While working on the DARPA LAGR project, we found it exceedingly difficult to tune our reactive behaviors to work well in cluttered and patchy environments. Either obstacle avoidance was too sensitive and the robot would not drive through gaps, or it was too aggressive and the robot would collide with obstacles. At first we made the behaviors more and more complicated, introducing more parameters to tune, but we really wanted an efficient way to demonstrate to the robot how to drive.
Thus, we developed a system for interactive, on-line training of behaviors with a remote control. The user flips a switch to training mode, and drives the robot how they would like it to drive, then flips the switch back to autonomous to test the behavior. If the robot doesn’t perform well and needs additional training, the user just flips the switch again and provides an example of correctly performing whatever maneuver the robot goofed up on. When in training mode, the robot is recording training instances of its stereo perception and the direction to its goal location, along with the motor command that the user provides with the remote control.
Under the hood, the robot is recording training instances that associate its sensor state with the action the human demonstrates. At run-time, the robot finds the closest-matching example to it’s current sensor state in its database of recorded training instances, and executes the demonstrated motor command from that closest match.
The sensor state is actually a vector containing measurements to the nearby obstacles, and the robot’s heading to the goal. The obstacle measurements are regularly-spaced around the robot, analogous to a laser range scan, but in fact generated from a top-down-view obstacle map the robot accumulates using stereo:
We found that computing the nearest-neighbor using the full-dimensionality range vector did not yield very good perceptual matches. The reason, we believe, is that the distances between points in high-dimensional spaces approach the same value as the dimensionality increases.

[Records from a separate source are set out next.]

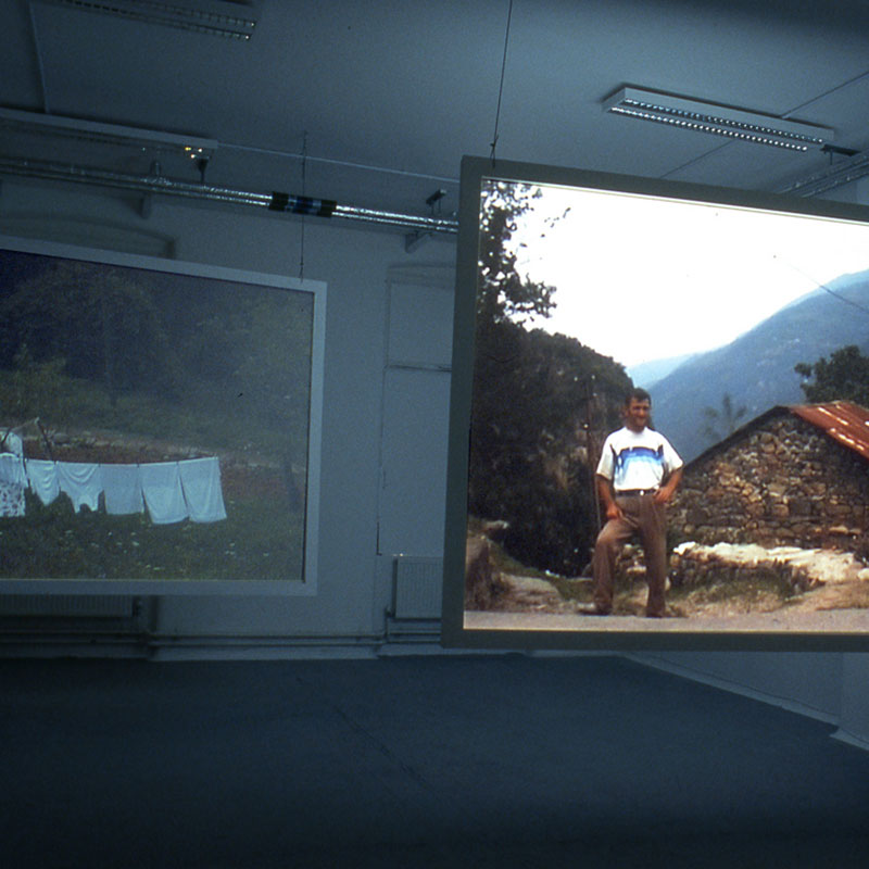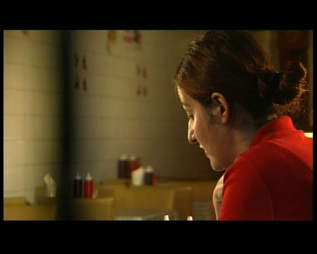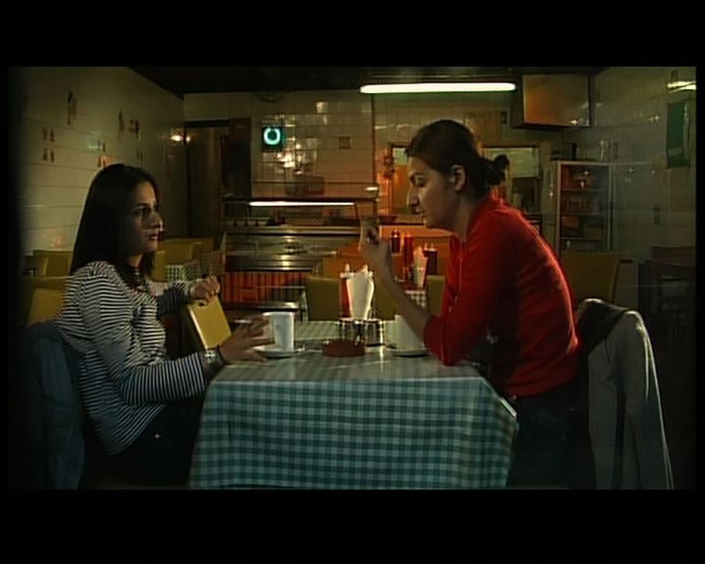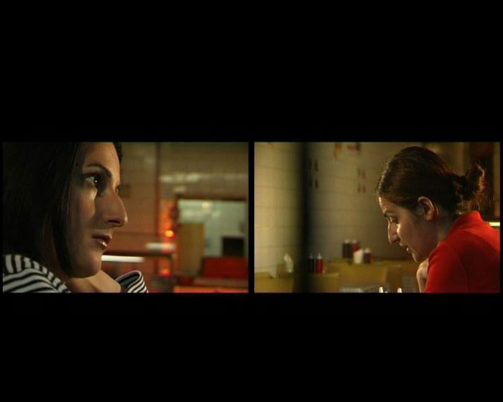 In their Wake is a two-screen digital audio-visual installation produced as a collaboration between Aikaterini Gegisian & Ella Bissett Johnson (the two artists met and started working together during their BA degree at the University of Brighton). It centres around two women, who sit in an empty café, overlooking a busy urban scene, for the duration of a day. The stillness of their immobility is broken into film fragments and weaved into a sequence that transforms the fragments into movement. The sound of an urban environment floods the space and surrounds the two women. The installation explores current issues of geographical, temporal and mental displacement within the metaphor of internal and external space. The viewer is caught in a perceptual game between real space, image and sound.
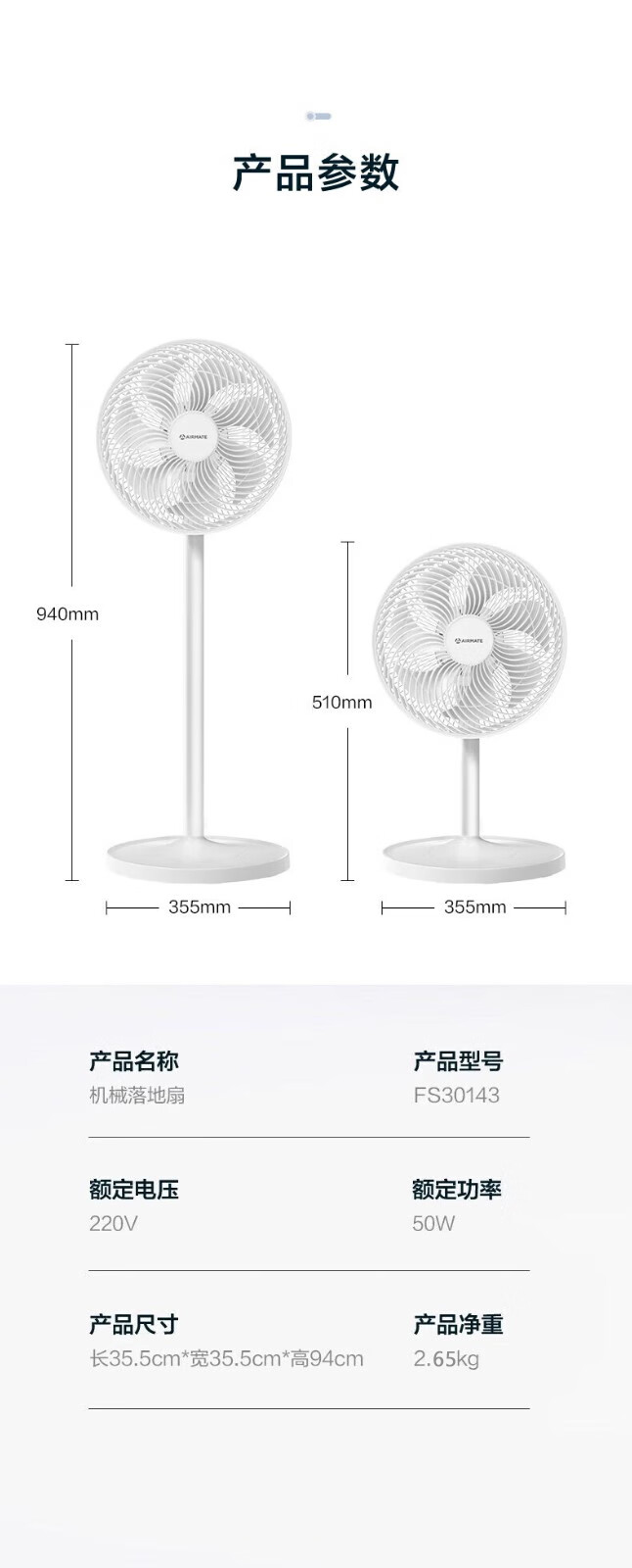 艾美特机械落地扇FS30143
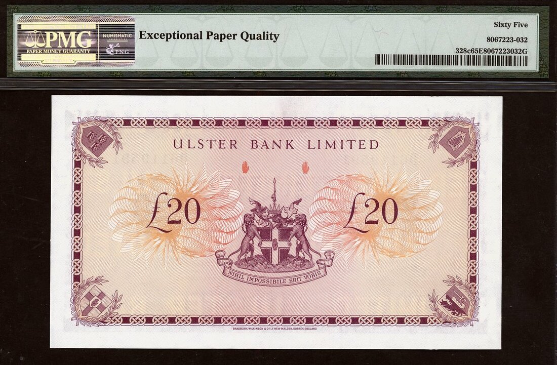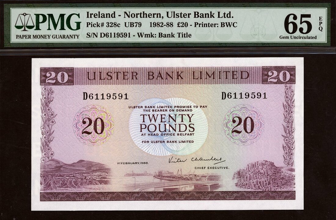 (x) Ulster Bank Limited, Northern Ireland, £20, 1 February 1988, serial number D6119591, (PMS UB79, Pick 328c), last prefix and date for issue, in PMG holder 65 EPQ Gem Uncirculated
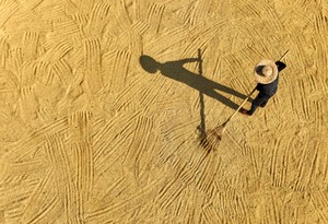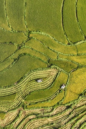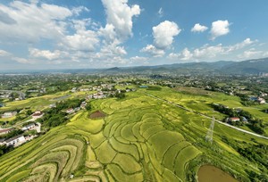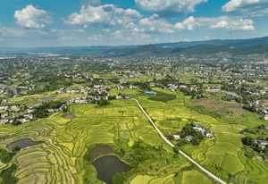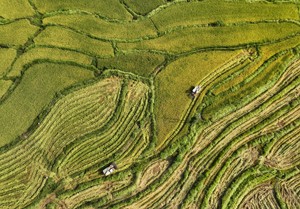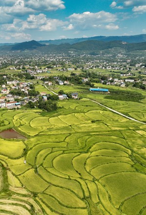 初秋時節(jié),位于四川東部的廣安市種植的約200萬畝水稻相繼成熟,?連片翻著金浪的水稻猶如鋪設(shè)在大地上的“金色地毯”,在藍天白天映照下,把山村裝點得格外美麗。當?shù)剞r(nóng)民在田間忙碌搶收水稻,確保稻谷顆粒歸倉。
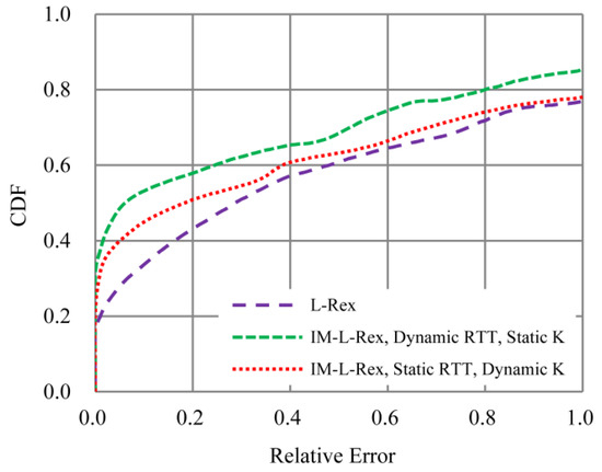 To fully evaluate IM-L-Rex, we also investigated the effects of dynamic RTT and dynamic K on IM-L-Rex. The evaluation data come from the TCP transfers under NewReno version in Section 5.2.2, and the experiment results are shown in Figure 12. Comparing L-Rex and “IM-L-Rex, Dynamic RTT, Static K”, we can see that the dynamic RTT has a certain improvement for the estimation accuracy of L-Rex. Similarly, the comparison of “IM-L-Rex, Dynamic RTT, Static K” and L-Rex also illustrates that the dynamic K has a certain improvement for the estimation accuracy of L-Rex, but its improvement effect is less than that of dynamic RTT. This indicates that, for IM-L-Rex, RTT is a more critical parameter than K, which has the more important role in the estimation accuracy.
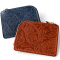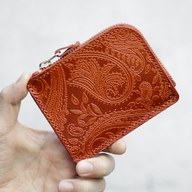 永久保証 栃木レザー ペイズリー 薄型 極小 L字ファスナー コンパクト ウォレット FARIA オレンジ 財布
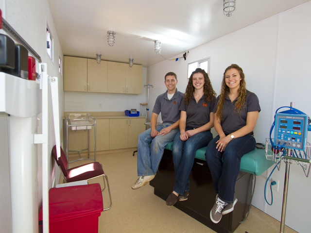 Members of G3Box are pictured in a mobile medical care facility they made from a steel shipping container. From left to right are Clay Tyler, Gabrielle Palermo and Susanna Young. (Not pictured is member Billy Walters.) Photo: Jessica Slater/ASU

The problem is that the signal gets lost in the noise. Because Euclidean distance is the sum of the squares of the distance in each dimension, important variations in distance between some dimensions become a small fraction of the total sum of distances in many dimensions.
Because of this dimensionality problem, we perform PCA on the training database of perception states, then project new perceptual states at runtime onto the same principal axes. We empirically found that the first 6 principal axes capture environment very well. The effect of PCA, in addition to simply reducing dimensionality, is also to average out noise in range measurements caused by patchy perception or small false obstacles.